Water absorption of water-cured OPC/GGBS-reinforced with untreated and treated DPF

3.3 Microstructure analysis

Figure 14 presents the optical microscopy images of a cross-sectional view of OPC/GGBS-reinforced DPF composite. Samples (20 mm at 3 wt.% content, 40 mm at 2 wt.% content, and 40 mm at 3 wt.%) were randomly allocated for the optical analysis. Figure 14a shows that at DPF loading content of 3 wt.% indicated the fibre agglomerations and breakage and voids are present which may due to DPF pull-out. Figure 14b shows treated OPC/GGBS-reinforced DPF mortars have enhanced fibre distribution and no visual voids due to better interfacial bonding between the fibre and binder, thus providing enhanced mechanical and physical properties. However, few DPF agglomerations can be noticed in the microstructure. Figure 14c shows that at high fibre loading content and long fibre inclusions, the non-homogenous dispersion of fibres and agglomerations has occurred within the composite which leads to a decrease in the properties.

Fig. 14
figure 14

OPC/GGBS-reinforced DPF composite microstructure

4 Conclusions

Date palm biomass often suffer from a lack of recognition of their value and hence regarded as agriculture waste. However, valorising DPF in reinforcing cementitious mortars could produce a low-cost sustainable construction and building material from an underutilized resource. The results of the study show that:

  • The addition of treated DPF with 20-mm length and 1 wt.% content resulted in up to 75% increase in flexural strength after 7 days of curing in water bath. Similarly, the compressive strength was enhanced by 31% using the same mix design after 28 days of curing ion water bath.

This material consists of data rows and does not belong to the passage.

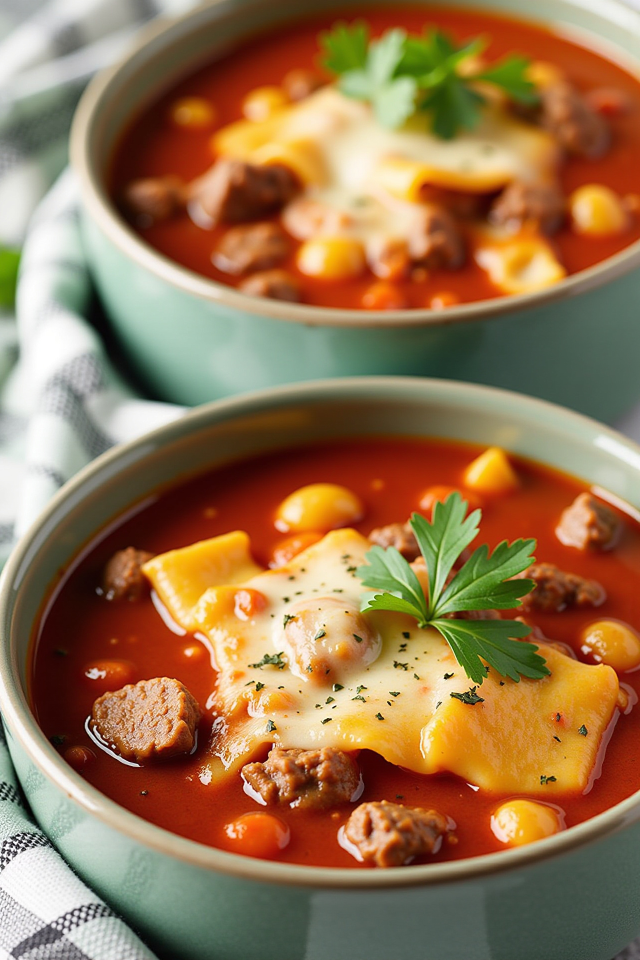 One-Pot Beef Lasagna Soup Introduction One-Pot Beef Lasagna Soup is the answer when you crave lasagna’s savory comfort but want a quick, fuss-free meal that minimizes cleanup. This hearty soup is loaded with classic lasagna flavors—rich ground beef, aromatic Italian herbs, tender noodles, and plenty of melted cheese—all simmered together....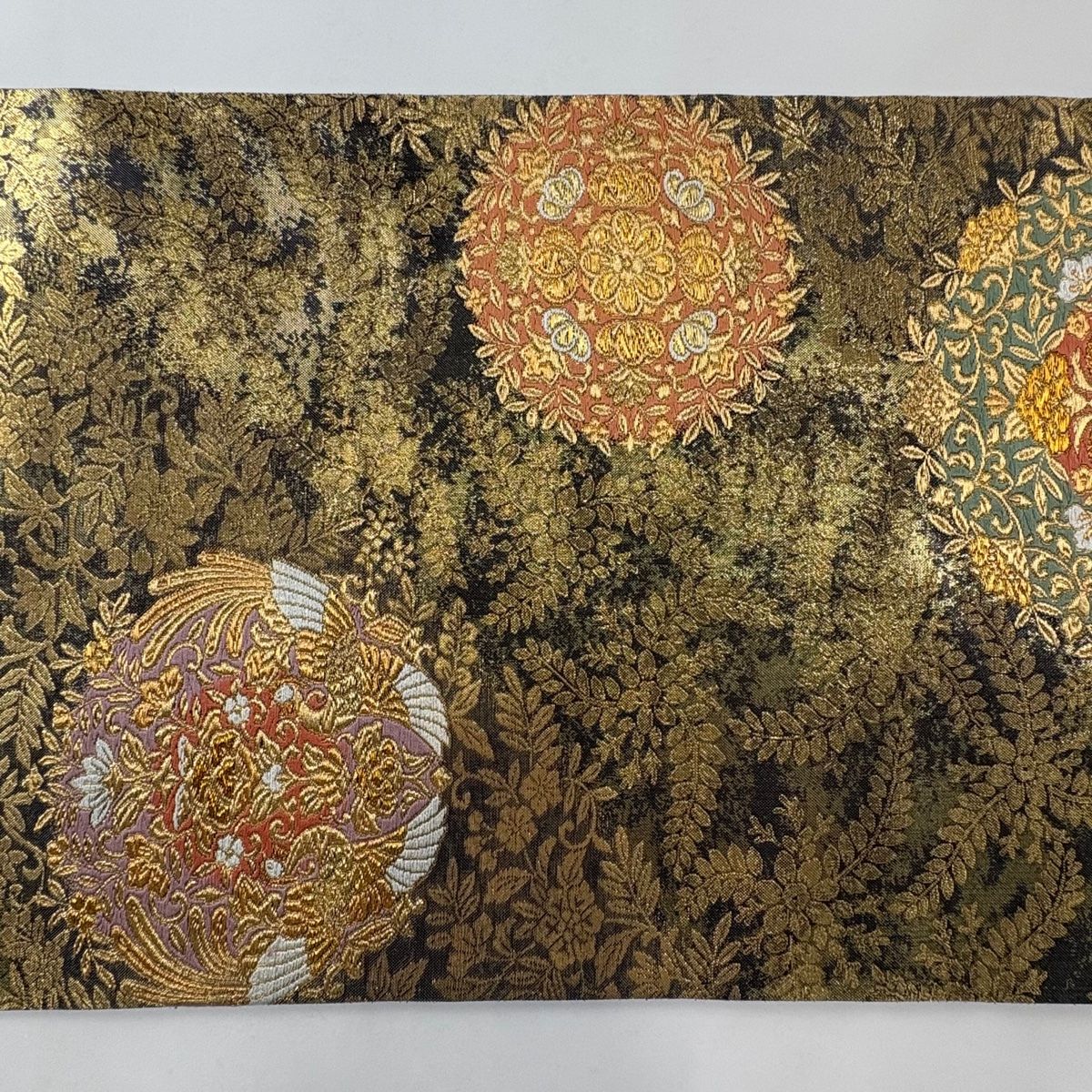 袋帯 秀品 向かい鳥 華文 金糸 箔 金色 六通 正絹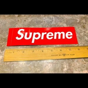 Authentic Supreme logo sticker in red and white. Ordered from official Supreme website. Approximately 8 inches long. Will discount if another item from my closet is purchased.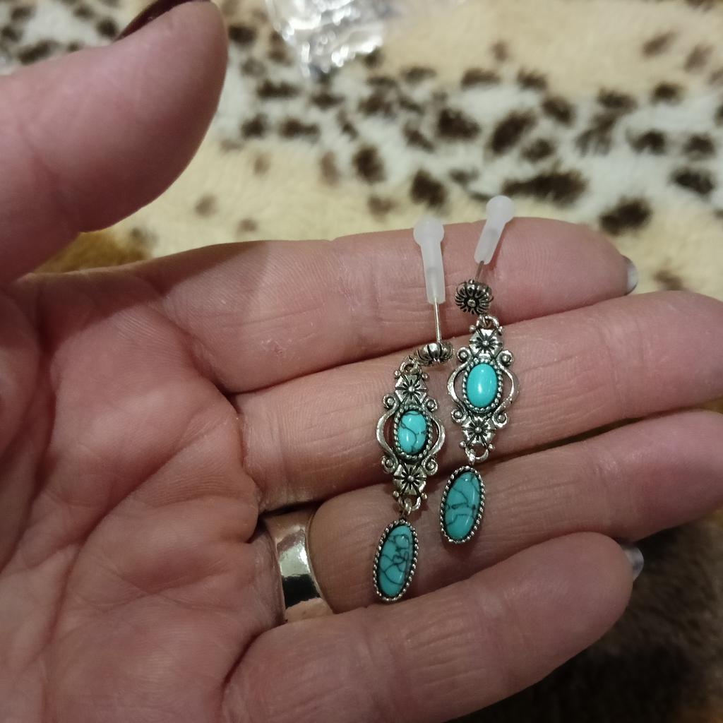 Vintage Bohemian Dangle Earrings For Women Fashion Flower Blue Turquoise Long Drop Earring Fine Female Boho Piercing Ear Jewelry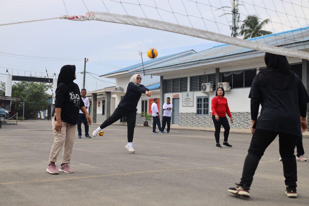Kegiatan olahraga bersama diawali dengan pemanasan untuk mengurangi cedera otot, dilanjutkan dengan permainan bola volley.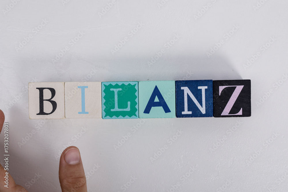 A creative photo featuring wooden blocks arranged to spell 'Bilanz' in German against a white background, perfect for financial or educational t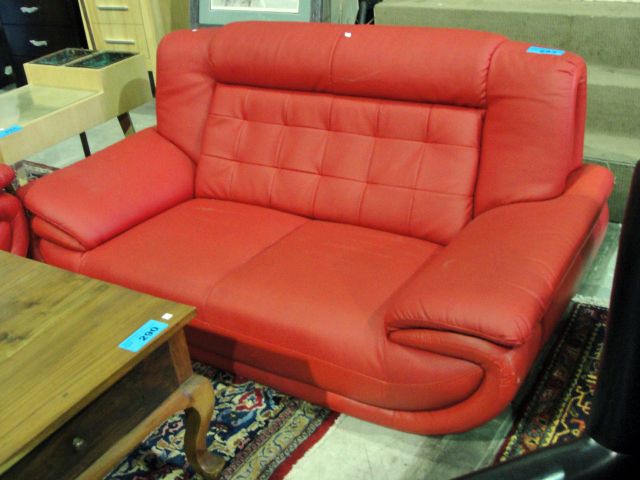 Contemporary red leather loveseat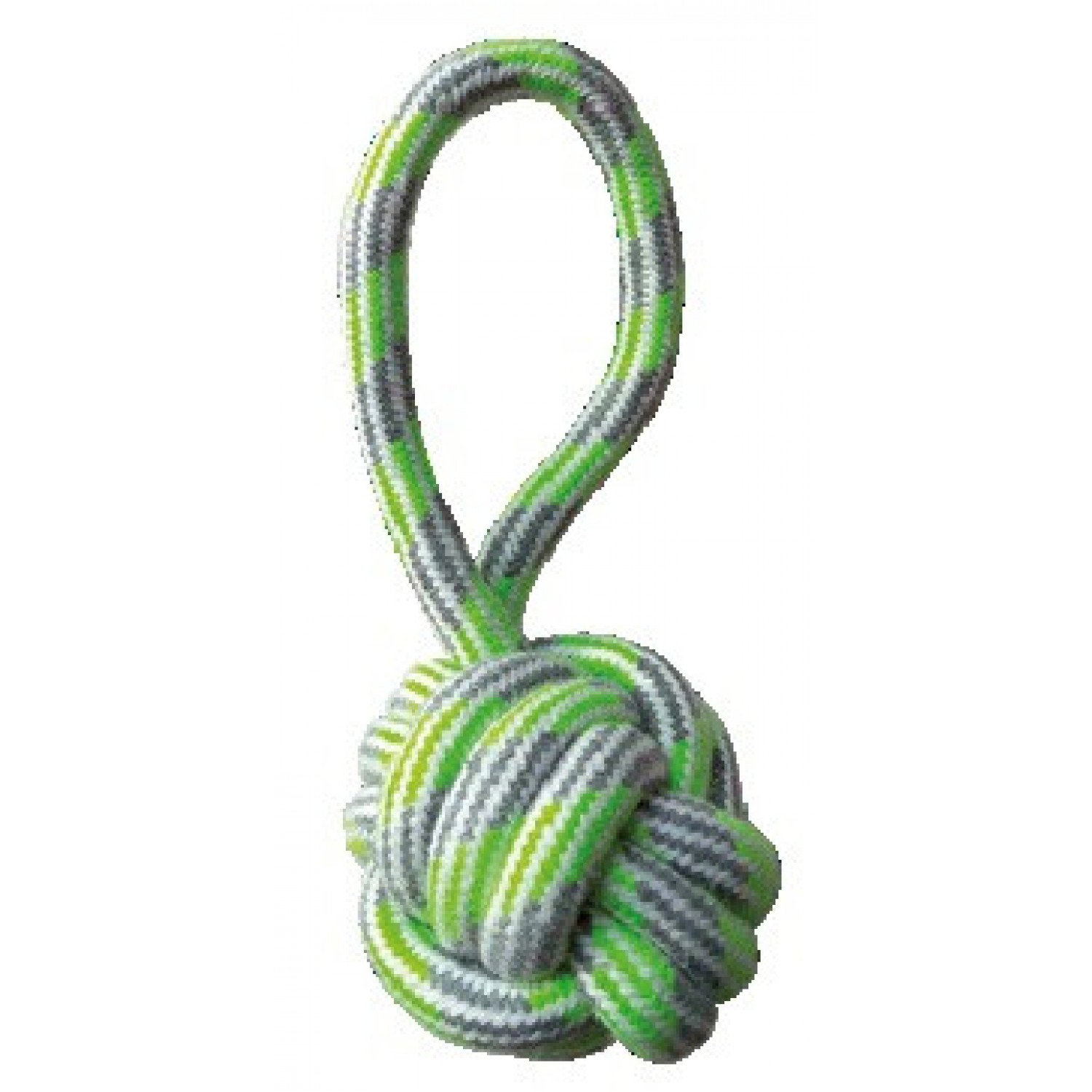 Игрушка для собак из тканых волокон, прочная, устойчивая и изготовленная из натуральных материалов. В то время как собака жует веревку, волокна проникают в межзубное пространство и обеспечивают эффективную чистку зубов. Специальная игрушка из котона – практичная игрушка для собак.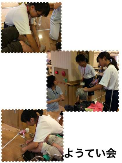 お風呂から出てきたお年寄りの方たちの髪を乾かしたり、靴を履かせたりしています。(写真左)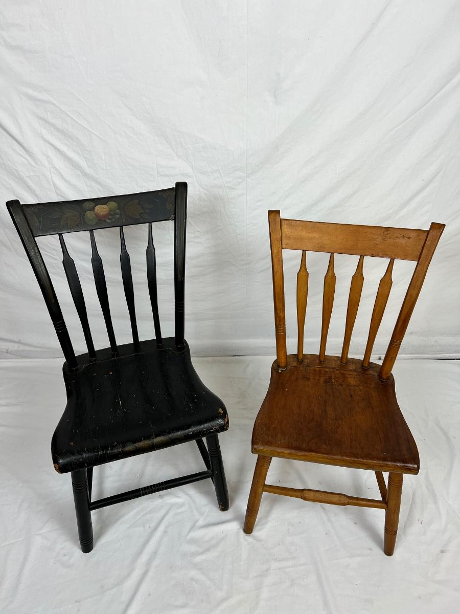 110 Two Antique Plank Bottom Arrow Back Chairs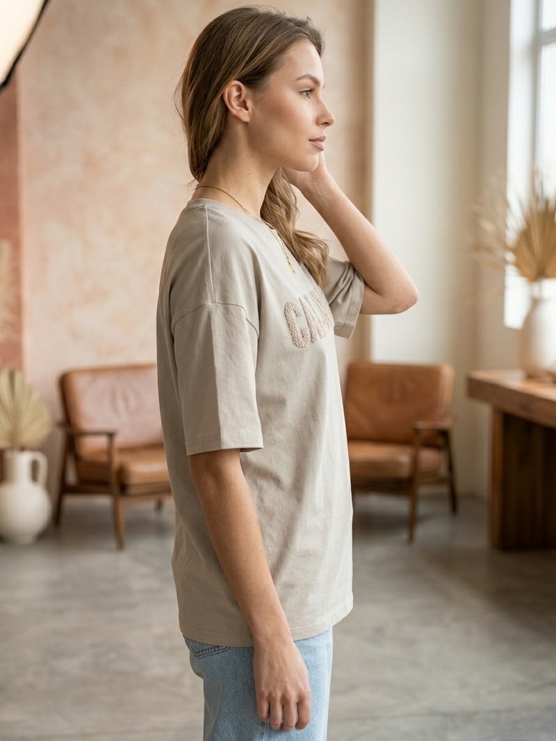 Dámske bavlnené tričko s krátkym rukávom v modernom oversize strihu je ideálnou voľbou pre ženy, ktoré milujú pohodlie, voľnosť pohybu a nadčasový štýl. Trendový voľnejší strih krásne sedí na postave, pôsobí ležérne a zároveň štýlovo, vďaka čomu sa tričko ľahko kombinuje s rôznymi outfitmi na každý deň. Predná časť je doplnená výrazným nápisom California, ktorý dodáva tričku svieži a uvoľnený vibe. Tričko je vyrobené z kvalitného bavlneného materiálu, ktorý je príjemný na dotyk, mäkký, priedušný a pohodlný počas celého dňa. Bavlna je obľúbená pre svoje prirodzené vlastnosti, dobre sa nosí, nedráždi pokožku a je vhodná aj na každodenné používanie. Krátky rukáv zabezpečuje komfort najmä počas teplejších dní, no tričko sa výborne hodí aj pod mikinu, bundu alebo košeľu v chladnejšom období.Oversize strih je momentálne veľmi obľúbený, pretože poskytuje maximálne pohodlie a zároveň pôsobí moderne a štýlovo. Tričko môžete nosiť k rifliam, legínam, šortkám či sukni a vytvoriť tak športový, mestský alebo casual outfit podľa vlastného štýlu. Je vhodné na bežné nosenie, voľný čas, nákupy, cestovanie aj oddych.

  • The alkaline surface treatment of DPF enhanced the interfacial bonding between the DPF and the binder matrix system. Hence, the fibres must undergo treatment prior to the mixing stages to achieve enhanced properties.

  • Effect of curing conditions has a major impact on the hydration of the binder to produce a HCP with enhanced strength.

  • Treated DPFRCC had lower water absorption rates in comparison to untreated DPFRCC for both water and air curing conditions.

  • The increase in DPF wt.% resulted in higher rate of water absorption; moreover, air-cured samples had significantly higher absorption than water-cured samples. Moisture absorption of air-cured samples may reach up to 17% for untreated DPFRCC after 28 days.